Воспоминания
Шрифт:
Звонок, он в передней – и лица добреют. И сам он до страсти любил словесные турниры. Не спеша, всегда доброжелательно к противнику развертывал свою аргументацию – точно спешить некуда, точно он в средневековом хедере и впереди годы, века, точно время не гонит… Зоркий на внутренние события души – ветра времени Лев Исаакович не слышал. И чем догматичней, чем противоположней ему самому собеседник – тем он ему милее, обещая долгий спор, долгий пир, обилие яств…
Нас с сестрой особенно тешило эстетически, когда сходились Шестов и Вяч. Иванов – лукавый, тонкий эллин и глубокий своей одной думой иудей. Мы похаживали вокруг, подзадоривали их, тушили возникавший где-нибудь в другом углу спор, чтобы все слушали этих двоих.

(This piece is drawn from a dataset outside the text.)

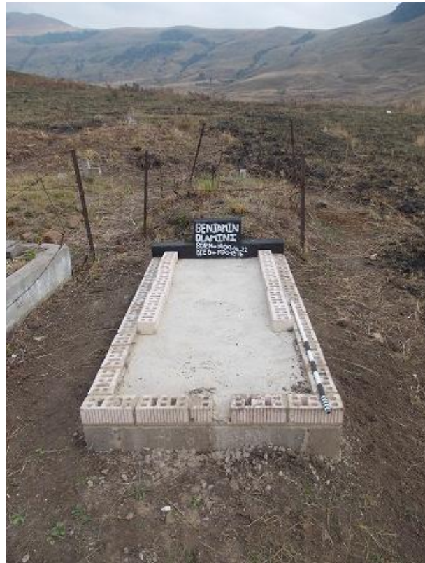
Fig 2. View of a grave in the community cemetery.
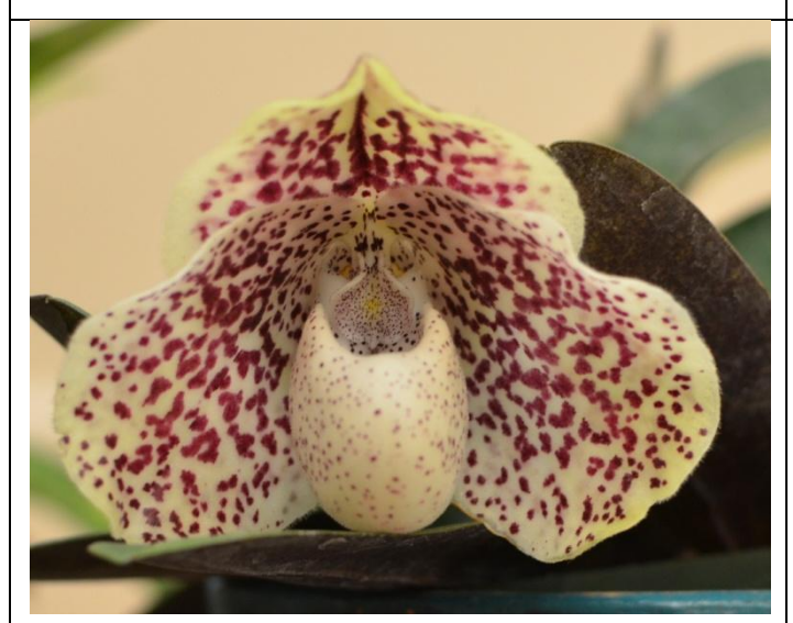
Paphiopedilum (Memoria Richard Steele 'High Round Arch' x S. Gratrix 'Aussie Spots')

И парадоксом казалось, что изменчивый, играющий Вяч. Иванов строит твердыни догматов, а Шестов, которому в одну бы ноту славить всевысшего, вместо этого все отрицает, подо все ведет подкоп. Впрочем, он этим на свой лад и славил.

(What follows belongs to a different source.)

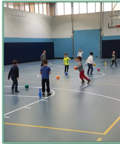
The Department offers fun after school programs

Так долго безвестный, потому что он не принадлежал ни к какой литературной группе, шел всегда особняком, в эти годы Шестов сразу приобрел имя: журналы ему открыты, выходит полное собрание сочинений [53] , его читают… Он не скрывал своего наивного удовлетворения, а нас двух веселило питать эту маленькую слабость милого человека. «Лев Исаакович, когда вы можете придти к нам? Есть такая девочка, т. е. она уж писательница напечатанная – вот (подсовываем ему «Королевские размышления», «Дым, дым»…) – она умоляет познакомить её с вами, вы сыграли огромную роль в её жизни. Придете во вторник?» И вот мы их оставляем вдвоем, и Ася [54] , часто мигая светлыми ресницами близоруких глаз, говорит, говорит ему что-то умное, острое, женственное.
[53] Л. Шестов. Собрание сочинений. Т. 1- 6, М., «Шиповник», 1911.

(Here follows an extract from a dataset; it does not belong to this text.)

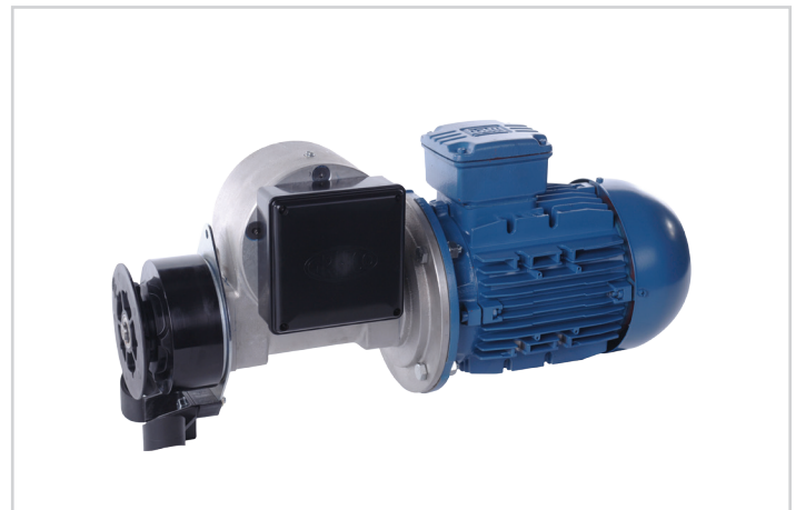
Product may differ slightly from image shown.

[54] Анастасия Ивановна Цветаева-писательница.
Иногда наши дружеские сборища перекочевывали к Шестову в один из Плющихинских переулков, где деревянные дома строены на манер скромных помещичьих. Просторно и домовито в столовой и ещё какой-то комнате: только самое необходимое, без каких-либо эстетических потуг. Анна Елеазаровна у вместительного самовара. Но кабинет обставлен по-гелертерски. Раз я целый вечер под говор курящих, бегающих собеседников просидела в кожаном кресле Льва Исааковича, в кресле со строго рассчитанным выгибом спинки, локотников; нажмешь рычажок – выдвинется пюпитр, другой – выскочит подножка для протянутых ног. Покоит. Не встать. Пожалуй, и не нафилософствуешь в таком кресле. Другие русские философы писали, присев на каком попало стуле, у Влад. Соловьева, кажется, и стула своего не было. Но Лев Исаакович вступил в барочный период творчества: обложен фолиантами, медленно и густо текут периоды, сдобренные латинскими цитатами, – из-за словесных фиоритур не сразу доищешься сути – не то что в простодушных его книгах – первенцах, где карты сразу на стол. Чем не барочная штука его статья «Вячеслав Великолепный»?
Ему 50 лет. Мне кажется, он в первый раз в жизни почти счастлив, спокоен, вкушает мирные утехи мысли, дружества, признания…
Но разве справедливо было бы на этой странице оборвать рассказ о Шестове? Как-то зимою 16-17 года мы снова собрались у него – среди знакомых писательских лиц красивый тонкий юноша в военной форме. Сын Сережа. Весь вечер я только и следила за влюбленными взглядами, которыми обменивались отец с сыном. И этот звонкий, срывающийся юношеский голос среди всех до скуки знакомых. Не знаю, что он говорил. Что-то смелое, прямое. Все равно, что.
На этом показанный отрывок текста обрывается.